Posted by LeeAnn Gallucci on May 25, 2005 at 9:36 AM “Observe good faith and justice towards all Nations; cultivate peace and harmony with all. Religion and Morality enjoin this conduct; and can it be, that good policy does not equally enjoin it? It will be worthy of a free, enlightened, and, at no distant period, a great Nation, to give to mankind the magnanimous and too novel example of a people always guided by an exalted justice and benevolence. Who can doubt, that, in the course of time and things, the fruits of such a plan would richly repay any temporary advantages, which might be lost by a steady adherence to it ? Can it be, that Providence has not connected the permanent felicity of a Nation with its Virtue? The experiment, at least, is recommended by every sentiment which ennobles human nature. Alas! is it rendered impossible by its vices ? “---more from Washington’s Farewell
Posted by Laslo Toth on May 25, 2005 at 9:43 AM Natalie,
In a word, the GOP. It is a documented fact that thousands defected from the Southern Democrats in protest of the Civil Rights Act, and that they became Republicans. Not opinion here, fact.

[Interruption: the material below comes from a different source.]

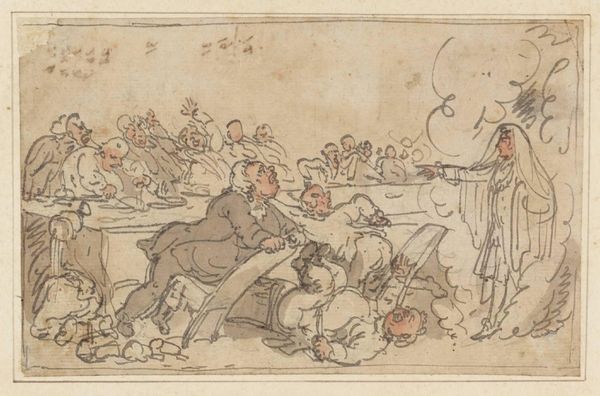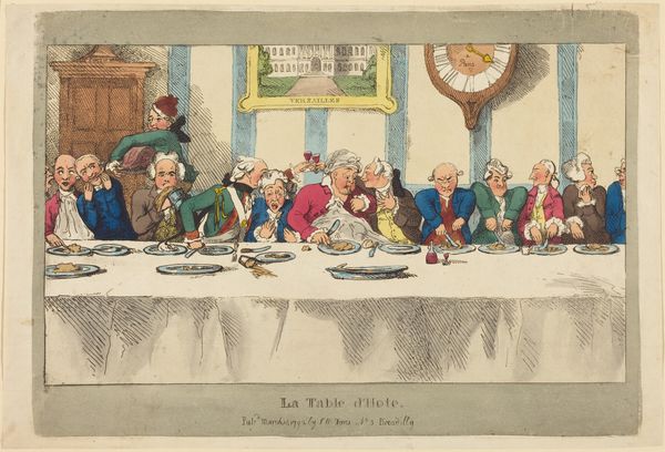 Editor: So, this is "A Two O'Clock Ordinary" by Thomas Rowlandson. It seems to capture a chaotic dining scene. What really strikes me is how everyone seems to be scrambling for food. What can you tell me about this print? Curator: Look at the rapid, etched lines. It shows Rowlandson's process of production – a quick, reproducible image aimed at a broad consumer base. The text above, about scarcity and contentment, highlights social inequalities inherent in consumption habits. What does it say about class, labor, and access to resources, do you think? Editor: It sounds like Rowlandson is commenting on the societal scramble for resources, and how that plays out even in something as ordinary as a shared meal. I never would have considered how the *process* of making the artwork also reflects on this. Curator: Exactly! The materials, the method of reproduction, and the subject matter all speak to the economic realities of the time. I'm glad we could both learn something.

That being said, it would be ridiculous to state that Republicans are by-and-large bigots. I think bigotry has little to do with party affiliation. And, that being said, I think that the political actions of the Bush Administration toward the poor, veterans, ill and elderly are as bigoted as one can get. His budget for ‘06 greatly harms the groups mentioned above, as if they don’t matter, aren’t as important as the corporations he lavishes favor on. The Bush Administration is clearly bigoted against the “have-nots”.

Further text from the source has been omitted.